WHAT NEEDS TO BE DONE - Your task is to output the listing word for word, with pictures excluded.

DATA PROVIDED -
::::::::::
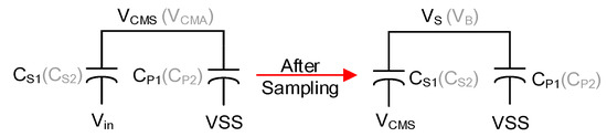 Figure 7 illustrates the sampling networks model of the 1st stage DAC arrays in Figure 6a. According to the charge conservation, the signal on the top plate of DAC after sampling can be expressed by:
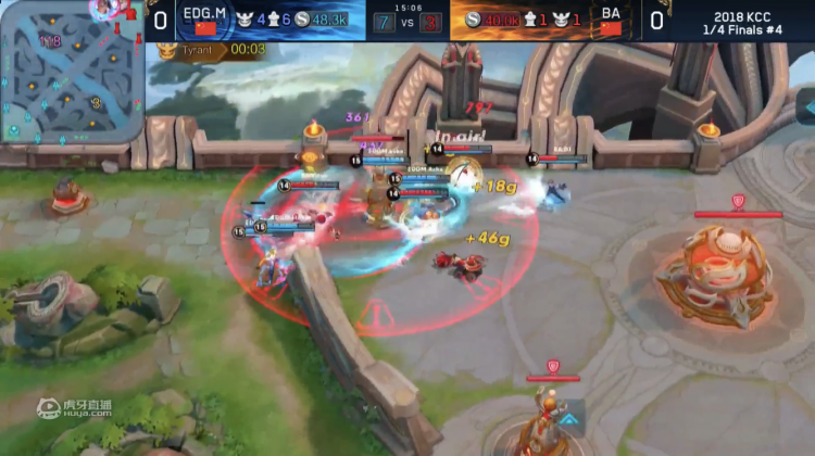 我们借第三局对局来看看他们高在哪里。BA选出大乔之后,EDG.M更加强调打架,试图从正面直接打崩BA,BA的阵容则一改他们往日铁通阵的风格,选出了极其暴躁的四脆皮,可以说非常依赖大乔的电梯流来保证团战。同时,守约加上花木兰线上清兵极快,非常契合他们的运营理念。
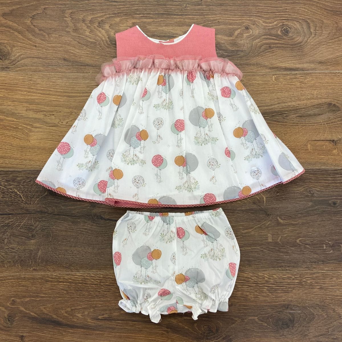 Abitino con culotte, con corpetto monocolore e gonna a fantasia.
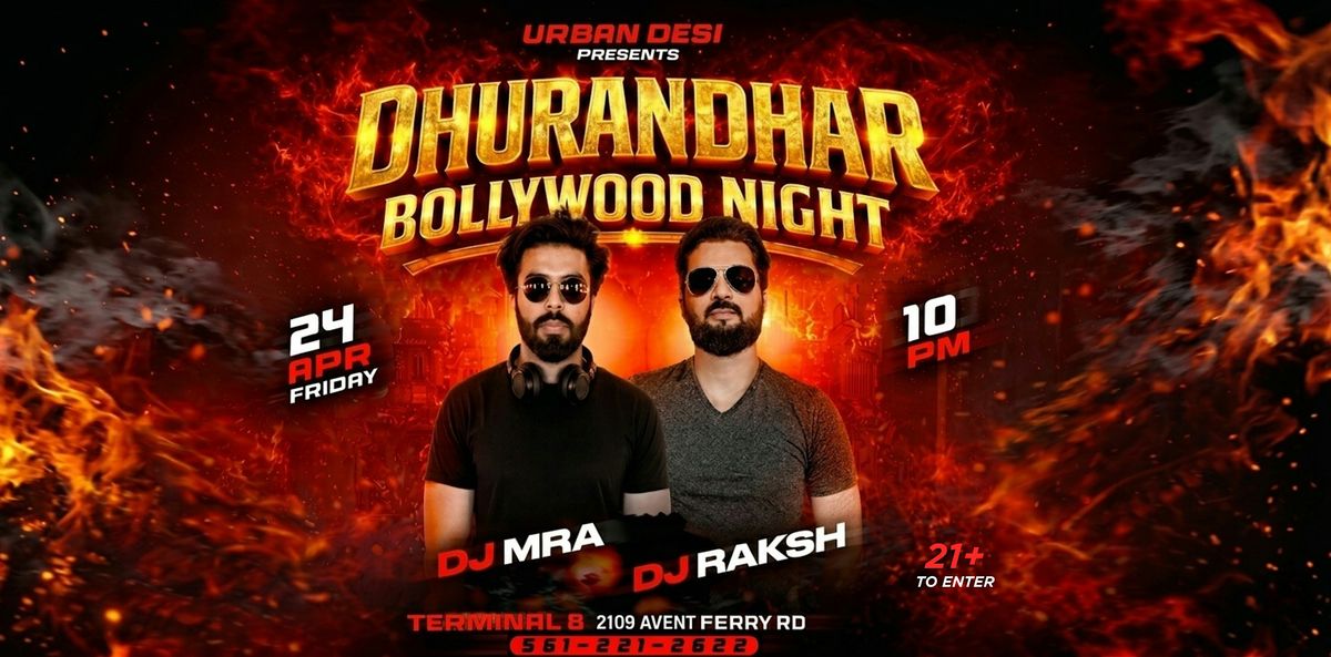 Get ready to set the dance floor ablaze! Urban Desi is bringing the heat back to Terminal 8 for Dhurandhar Bollywood Night.
::::::::::
RESULT OF THE EXERCISE -
 Figure 7 illustrates the sampling networks model of the 1st stage DAC arrays in Figure 6a. According to the charge conservation, the signal on the top plate of DAC after sampling can be expressed by:
 我们借第三局对局来看看他们高在哪里。BA选出大乔之后,EDG.M更加强调打架,试图从正面直接打崩BA,BA的阵容则一改他们往日铁通阵的风格,选出了极其暴躁的四脆皮,可以说非常依赖大乔的电梯流来保证团战。同时,守约加上花木兰线上清兵极快,非常契合他们的运营理念。
 Abitino con culotte, con corpetto monocolore e gonna a fantasia.
 Get ready to set the dance floor ablaze! Urban Desi is bringing the heat back to Terminal 8 for Dhurandhar Bollywood Night.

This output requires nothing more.